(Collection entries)

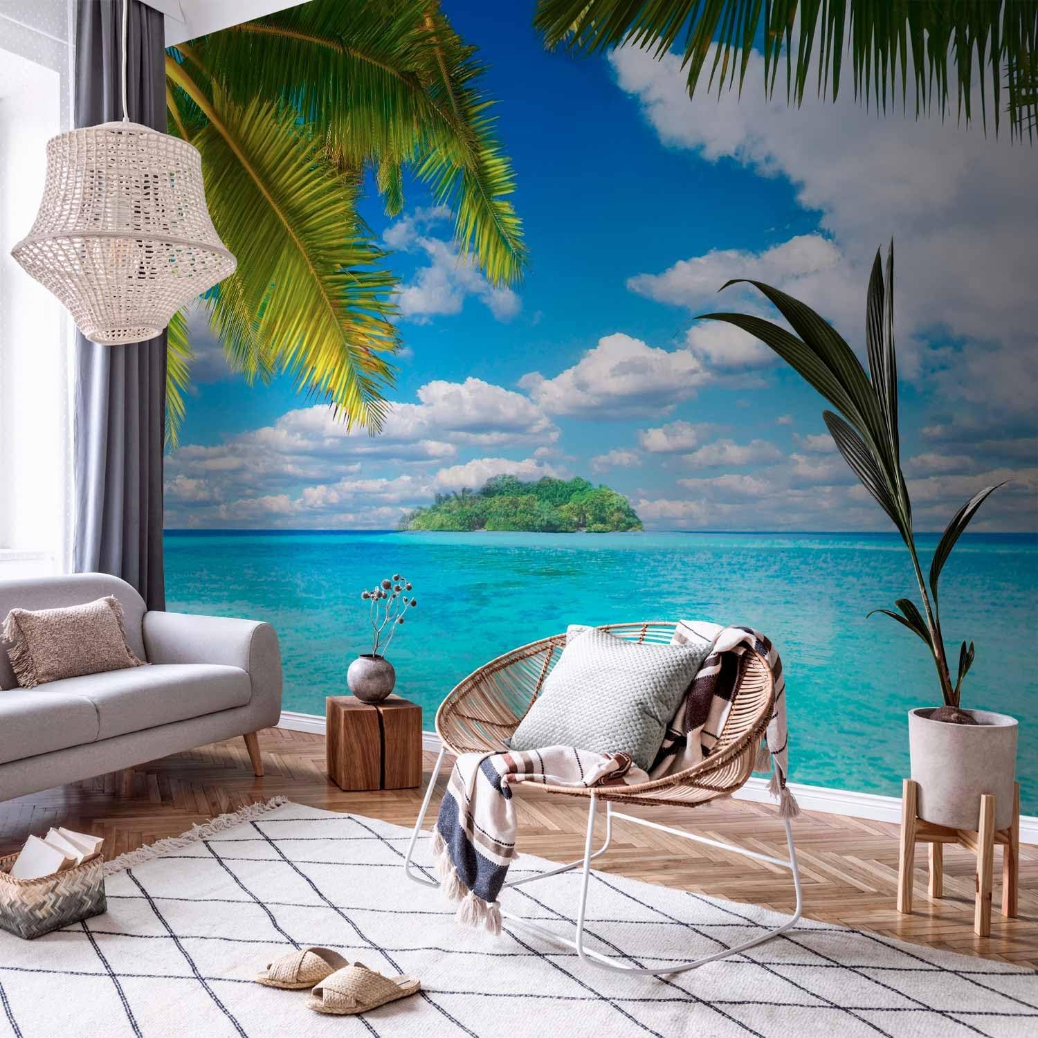 artgeist Wall Mural Nature 216x98 in - XXL Non-Woven Corner Wallpaper Fleece Angle Wall Decor Photo Print Picture Holiday Lagoon Palms n-A-10068-a-a
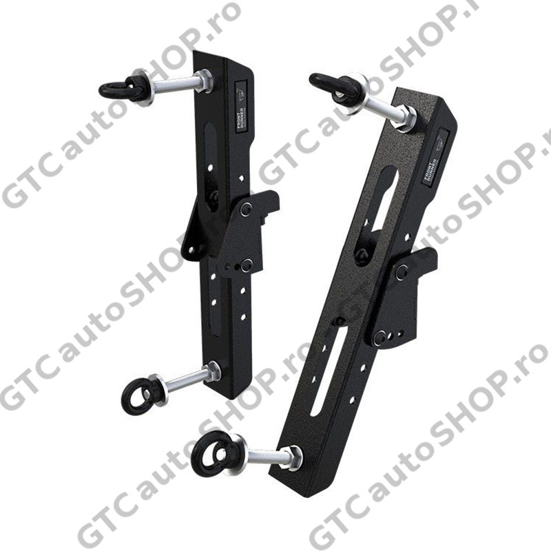 Cu aceste suporturi laterale si articulate se pot monta pe laterala portbagajului Front Runner echipamente de recovery precum traverse Maxtrax, TRED Pro sau alte marci similare, cu o distanta asemanatoare intre gaurile de prindere. Se monteaza pe profilul lateral al portbagajului Front Runner Slimline II pentru a salva spatiul de stocare de deasupra.
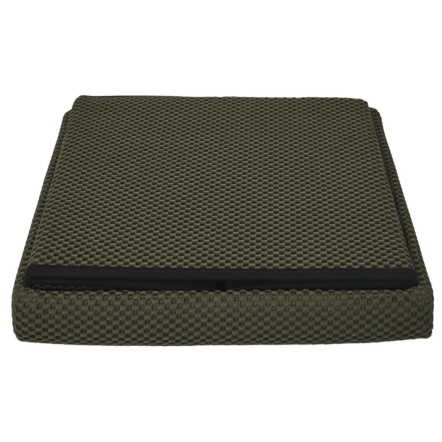 Výrazný odstín khaki a čtvercový tvar dodávají této pufě moderní vzhled, který perfektně zapadne do minimalistického, skandinávského nebo studentského interiéru. Čalouněná látka se snadno udržuje v čistotě, což ocení zejména rodiny s dětmi nebo domácími mazlíčky. Díky možnosti složení nezabírá pufa místo, když ji zrovna nepotřebujete – jednoduše ji složíte a uložíte do skříně. Praktické řešení pro ty, kteří ocení flexibilitu a úsporu prostoru.
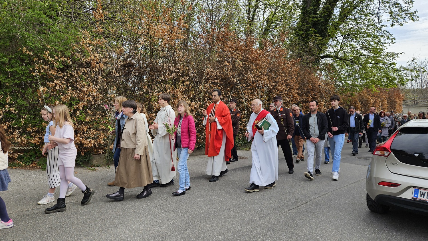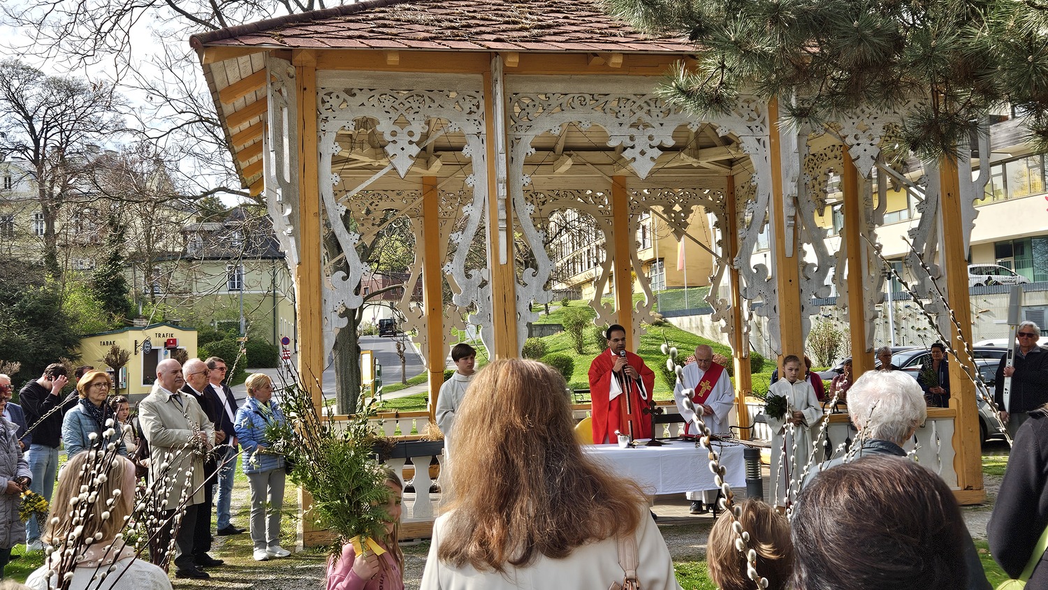 Am Palmsonntag trafen sich die Gläubigen der Pfarrgemeinde Bad Sauerbrunn und viele Gäste um 0945 Uhr beim Pavillon Kurhaus. Hier wurden die Palmzweige, Palmbuschen und Palmstäuße gesegnet.
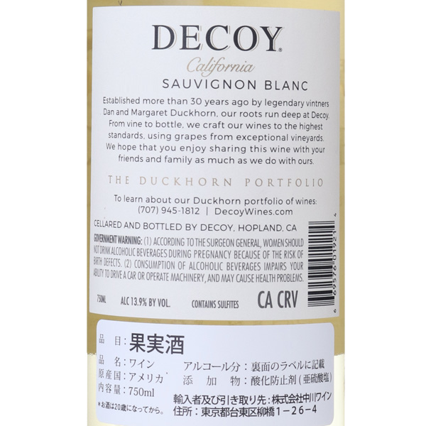 ダックホーン・ヴィンヤーズはナパ・ヴァレーでソーヴィニヨン・ブランを1982年から造っています。このデコイ ソーヴィニヨン・ブランはその長い経験を生かし、この品種の魅力を違う角度から表現してみようと、カリフォルニアの他の有名な生産地の葡萄を使用し造られました。ラシアン・リヴァー・ヴァレー北部のやや暖かい地区の畑を中心に、モントレー、レイク、 メンドシーノ からカリフォルニアらしい味わいに仕上げられています。20年近く作り続け定番商品となっているダックホーンのソーヴィニヨンブランをお手本にしながら、こちらは樽を一切使用せず、レモン果皮や草の香りを強く残しました。バランスよく清々しいフィニッシュです。グースベリー、パッションフルーツ、スイート・ライム、そしてマンゴーの魅惑的な引き込むようなアロマを持つ、鮮やかで活き活きとしたソーヴィニヨン・ブラン。口中では素晴らしいミネラルが柑橘やトロピカル・フルーツの果実味を支え、長く爽快なフィニッシュへと導きます。
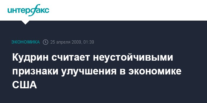 Вашингтон. 25 апреля. ИНТЕРФАКС-АФИ - Вице-премьер - министр финансов РФ Алексей Кудрин считает, что первые признаки улучшения в экономике США являются неустойчивыми, и есть ряд индикаторов, которые свидетельствуют о возможности продолжения кризиса.
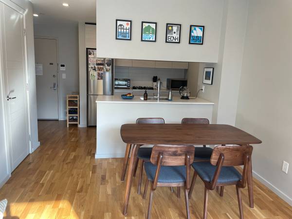 Additional details: The apartment is a very spacious and comfortable 1 bedroom with great amenities in the center of bustling Crown Heights! The unit faces south, so you get plenty of direct natural light throughout the day. The building was built in 2020, so everything is super modern, clean, and works well. The apartment is located right across the street from Union Market (great for grocery shopping!) in Crown Heights, less than a 5 minute walk from the 2/3, 4/5 and S trains. You'll be a 3 min walk from Franklin Ave, the high street of Crown Heights with fantastic bars and restaurants and a 15 min walk from the Brooklyn Museum and Prospect Park.
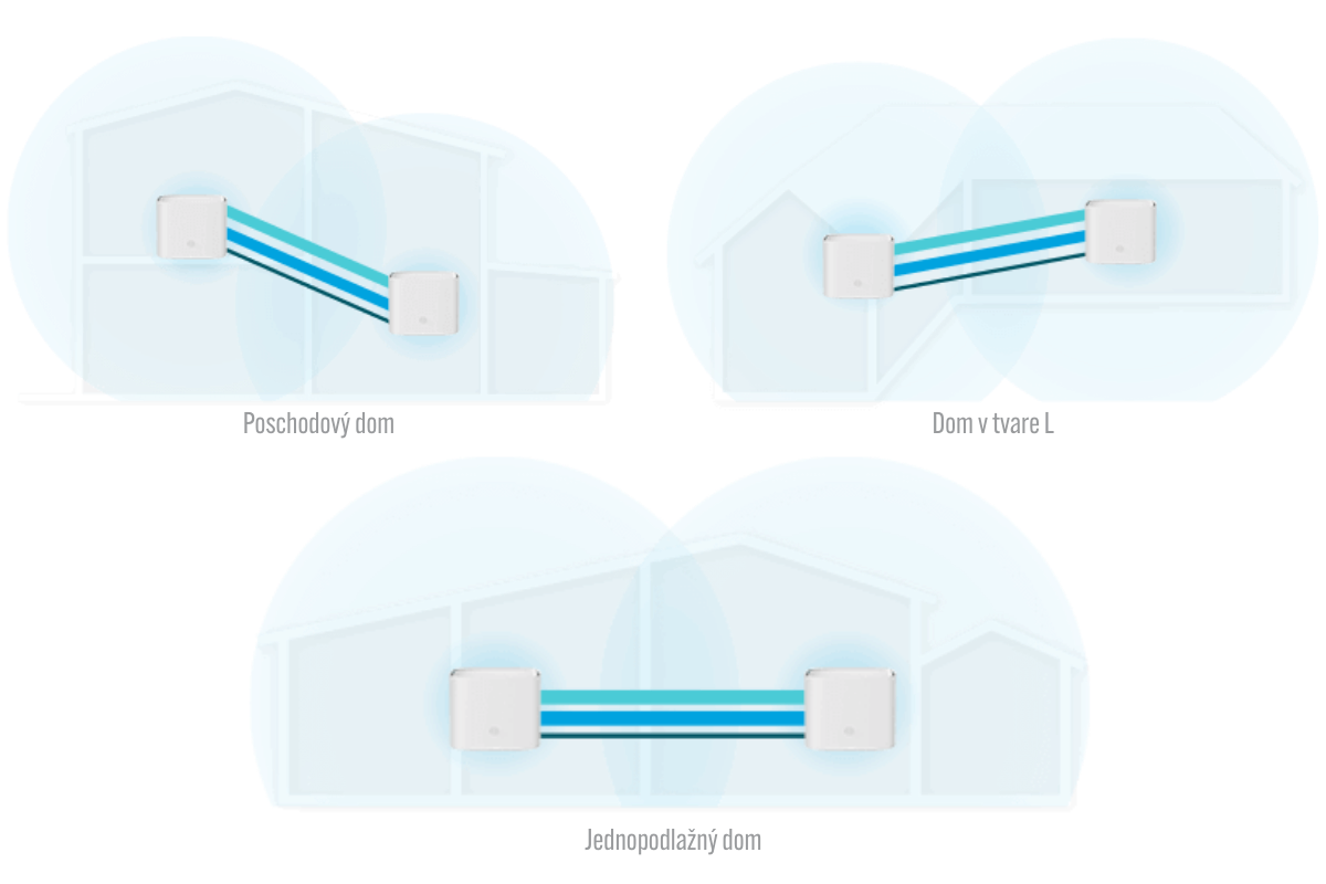 Mesh systém HX520 je určený pre domácnosti, ktoré potrebujú stabilný signál v každej izbe – aj na poschodí, v záhrade či na terase. Jednotky spolu vytvárajú jednotnú sieť, takže sa zariadenia automaticky pripájajú na najsilnejší signál – bez výpadkov, bez prepínania.
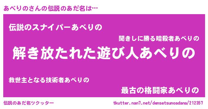 | 恥ずかしいあだ名 | 『アベリンリン』『プリティーあべりの』 |
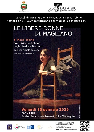 Nel mese di gennaio la Fondazione Mario Tobino vuole ricordare lo scrittore e psichiatra viareggino Mario Tobino in occasione del 116° anniversario della nascita con lo spettacolo "Le libere donne di Magliano", tratto dal libro scritto nel 1953, in scena venerdì 16 gennaio alle 21 al  Teatro Jenco di Viareggio e domenica 18 gennaio alle 17 all'Auditorium della Fondazione Banca del Monte di Lucca.
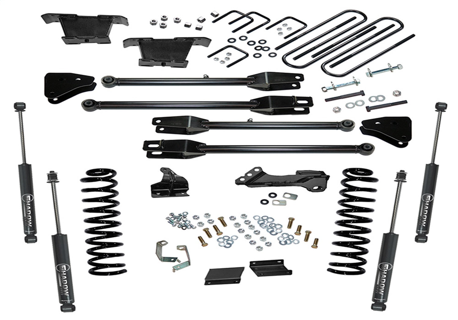 - Incl. Front Coil Springs; Track Bar Bracket; 4 Link Arms
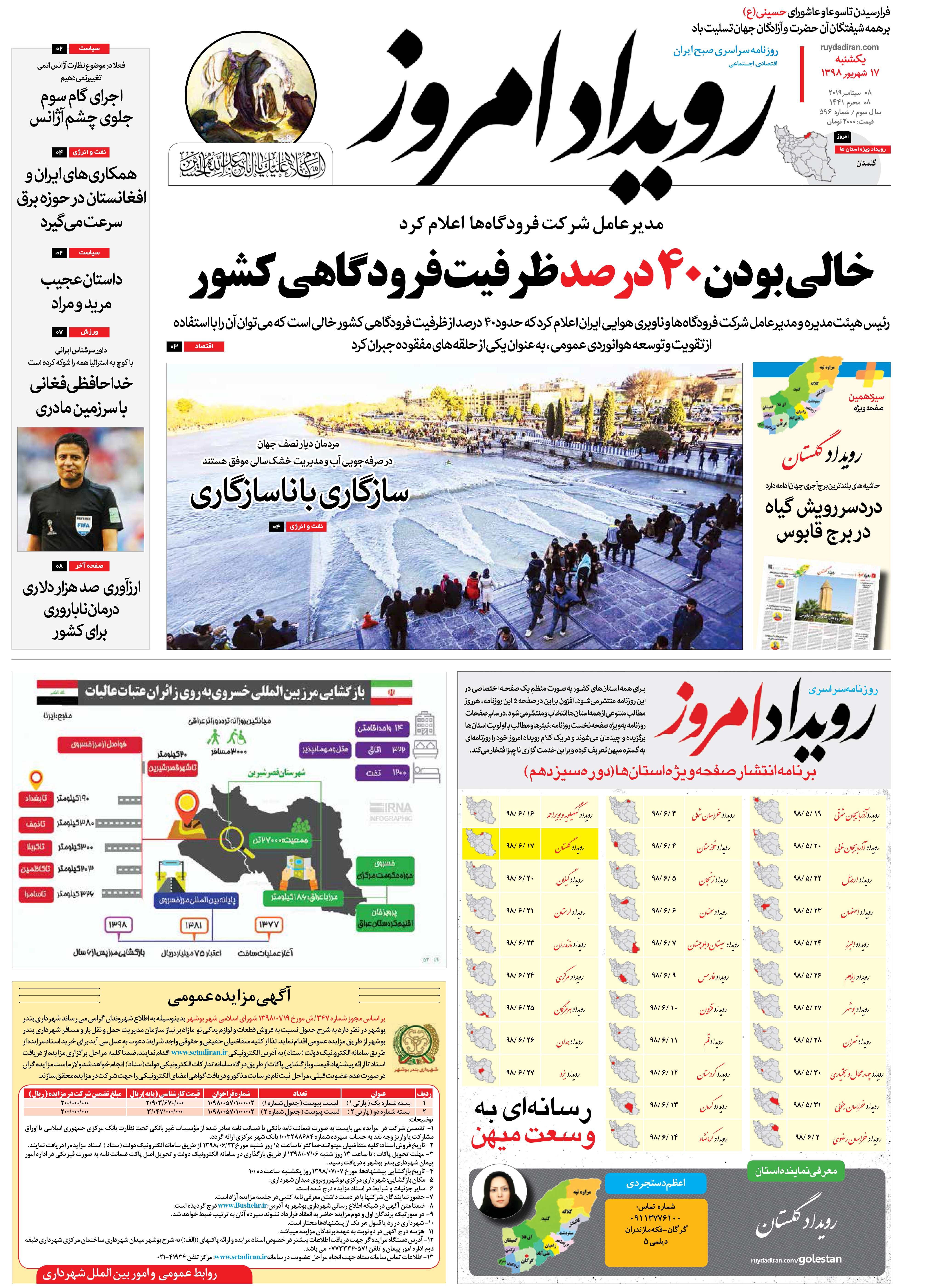 کد: 12697 | 17 شهریور 1398 ساعت 00:00 روزنامه رویداد امروز یک شنبه ۱7 شهریور ۱۳۹۸ روزنامه رویداد امروز رویداد ایران البرز اشتراک گذاری گزارش خطا × اشتراک گذاری مطلب: روزنامه رویداد امروز یک شنبه ۱7 شهریور ۱۳۹۸ فیسبوک اینستاگرام تلگرام ایکس (توییتر) ایتا بله روبیکا × گزارش خطا برای گزارش خطا با پست الکترونیکی: ruydadiran[at]gmail.com در ارتباط باشید
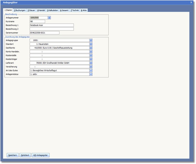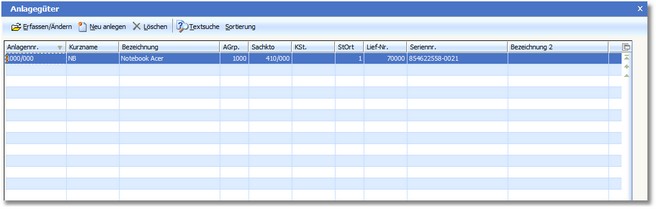 2. Geben Sie nun die notwendigen Daten in die Felder ein und speichern Sie das neue Anlagegut mit [F10].
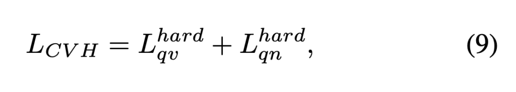 이를 통해, 정답보다 유사도가 높은 hard negative가 발생하지 않도록 보장하면서, 더 큰 margin을 확보하는 방향으로 학습이 진행되도록 유도하고자 하였습니다. 그리고 Query-narration 쌍에 대해서도 동일한 방식으로 \mathcal{L}_{qn}^{hard}를 정의하며, cross-view hard negative loss는 다음과 같이 정리할 수 잇습니다.
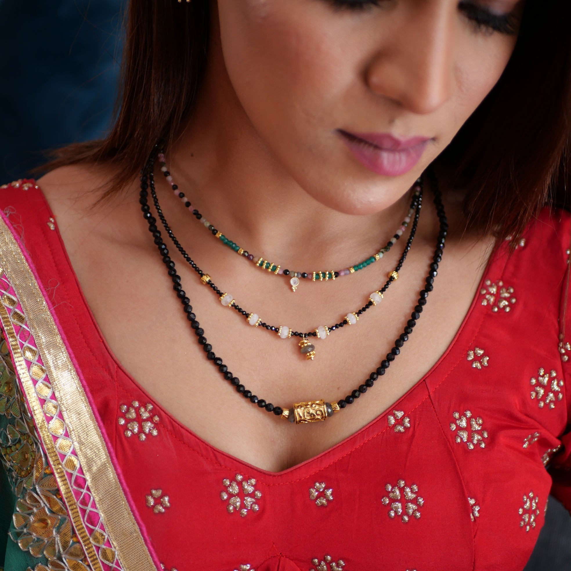 Les éclats scintillants du collier Dipti symbolisent la lumière qui perce l'obscurité, offrant une vision optimiste même dans les moments les plus sombres. Chaque pierre est une promesse de renouveau, une invitation à embrasser la beauté qui émane de l'éclat intérieur et de la perspective positive. Portez ce collier comme une déclaration de foi en un avenir lumineux. Que chaque reflet scintillant vous rappelle que, même dans les périodes difficiles, l'éclat et l'espoir persistent. Un bijou qui célèbre la force de la lumière et la promesse d'un demain plein d'espoir.

* [Task instructions]: Down to the last line, return the entries above exactly, with no pictures.

* [Exercise result]:
 artgeist Wall Mural Nature 216x98 in - XXL Non-Woven Corner Wallpaper Fleece Angle Wall Decor Photo Print Picture Holiday Lagoon Palms n-A-10068-a-a
 Cu aceste suporturi laterale si articulate se pot monta pe laterala portbagajului Front Runner echipamente de recovery precum traverse Maxtrax, TRED Pro sau alte marci similare, cu o distanta asemanatoare intre gaurile de prindere. Se monteaza pe profilul lateral al portbagajului Front Runner Slimline II pentru a salva spatiul de stocare de deasupra.
 Výrazný odstín khaki a čtvercový tvar dodávají této pufě moderní vzhled, který perfektně zapadne do minimalistického, skandinávského nebo studentského interiéru. Čalouněná látka se snadno udržuje v čistotě, což ocení zejména rodiny s dětmi nebo domácími mazlíčky. Díky možnosti složení nezabírá pufa místo, když ji zrovna nepotřebujete – jednoduše ji složíte a uložíte do skříně. Praktické řešení pro ty, kteří ocení flexibilitu a úsporu prostoru.
 Am Palmsonntag trafen sich die Gläubigen der Pfarrgemeinde Bad Sauerbrunn und viele Gäste um 0945 Uhr beim Pavillon Kurhaus. Hier wurden die Palmzweige, Palmbuschen und Palmstäuße gesegnet.
 ダックホーン・ヴィンヤーズはナパ・ヴァレーでソーヴィニヨン・ブランを1982年から造っています。このデコイ ソーヴィニヨン・ブランはその長い経験を生かし、この品種の魅力を違う角度から表現してみようと、カリフォルニアの他の有名な生産地の葡萄を使用し造られました。ラシアン・リヴァー・ヴァレー北部のやや暖かい地区の畑を中心に、モントレー、レイク、 メンドシーノ からカリフォルニアらしい味わいに仕上げられています。20年近く作り続け定番商品となっているダックホーンのソーヴィニヨンブランをお手本にしながら、こちらは樽を一切使用せず、レモン果皮や草の香りを強く残しました。バランスよく清々しいフィニッシュです。グースベリー、パッションフルーツ、スイート・ライム、そしてマンゴーの魅惑的な引き込むようなアロマを持つ、鮮やかで活き活きとしたソーヴィニヨン・ブラン。口中では素晴らしいミネラルが柑橘やトロピカル・フルーツの果実味を支え、長く爽快なフィニッシュへと導きます。
 Вашингтон. 25 апреля. ИНТЕРФАКС-АФИ - Вице-премьер - министр финансов РФ Алексей Кудрин считает, что первые признаки улучшения в экономике США являются неустойчивыми, и есть ряд индикаторов, которые свидетельствуют о возможности продолжения кризиса.
 Additional details: The apartment is a very spacious and comfortable 1 bedroom with great amenities in the center of bustling Crown Heights! The unit faces south, so you get plenty of direct natural light throughout the day. The building was built in 2020, so everything is super modern, clean, and works well. The apartment is located right across the street from Union Market (great for grocery shopping!) in Crown Heights, less than a 5 minute walk from the 2/3, 4/5 and S trains. You'll be a 3 min walk from Franklin Ave, the high street of Crown Heights with fantastic bars and restaurants and a 15 min walk from the Brooklyn Museum and Prospect Park.
 Mesh systém HX520 je určený pre domácnosti, ktoré potrebujú stabilný signál v každej izbe – aj na poschodí, v záhrade či na terase. Jednotky spolu vytvárajú jednotnú sieť, takže sa zariadenia automaticky pripájajú na najsilnejší signál – bez výpadkov, bez prepínania.
 | 恥ずかしいあだ名 | 『アベリンリン』『プリティーあべりの』 |
 Nel mese di gennaio la Fondazione Mario Tobino vuole ricordare lo scrittore e psichiatra viareggino Mario Tobino in occasione del 116° anniversario della nascita con lo spettacolo "Le libere donne di Magliano", tratto dal libro scritto nel 1953, in scena venerdì 16 gennaio alle 21 al  Teatro Jenco di Viareggio e domenica 18 gennaio alle 17 all'Auditorium della Fondazione Banca del Monte di Lucca.
 - Incl. Front Coil Springs; Track Bar Bracket; 4 Link Arms
 کد: 12697 | 17 شهریور 1398 ساعت 00:00 روزنامه رویداد امروز یک شنبه ۱7 شهریور ۱۳۹۸ روزنامه رویداد امروز رویداد ایران البرز اشتراک گذاری گزارش خطا × اشتراک گذاری مطلب: روزنامه رویداد امروز یک شنبه ۱7 شهریور ۱۳۹۸ فیسبوک اینستاگرام تلگرام ایکس (توییتر) ایتا بله روبیکا × گزارش خطا برای گزارش خطا با پست الکترونیکی: ruydadiran[at]gmail.com در ارتباط باشید
 2. Geben Sie nun die notwendigen Daten in die Felder ein und speichern Sie das neue Anlagegut mit [F10].
 이를 통해, 정답보다 유사도가 높은 hard negative가 발생하지 않도록 보장하면서, 더 큰 margin을 확보하는 방향으로 학습이 진행되도록 유도하고자 하였습니다. 그리고 Query-narration 쌍에 대해서도 동일한 방식으로 \mathcal{L}_{qn}^{hard}를 정의하며, cross-view hard negative loss는 다음과 같이 정리할 수 잇습니다.
 Les éclats scintillants du collier Dipti symbolisent la lumière qui perce l'obscurité, offrant une vision optimiste même dans les moments les plus sombres. Chaque pierre est une promesse de renouveau, une invitation à embrasser la beauté qui émane de l'éclat intérieur et de la perspective positive. Portez ce collier comme une déclaration de foi en un avenir lumineux. Que chaque reflet scintillant vous rappelle que, même dans les périodes difficiles, l'éclat et l'espoir persistent. Un bijou qui célèbre la force de la lumière et la promesse d'un demain plein d'espoir.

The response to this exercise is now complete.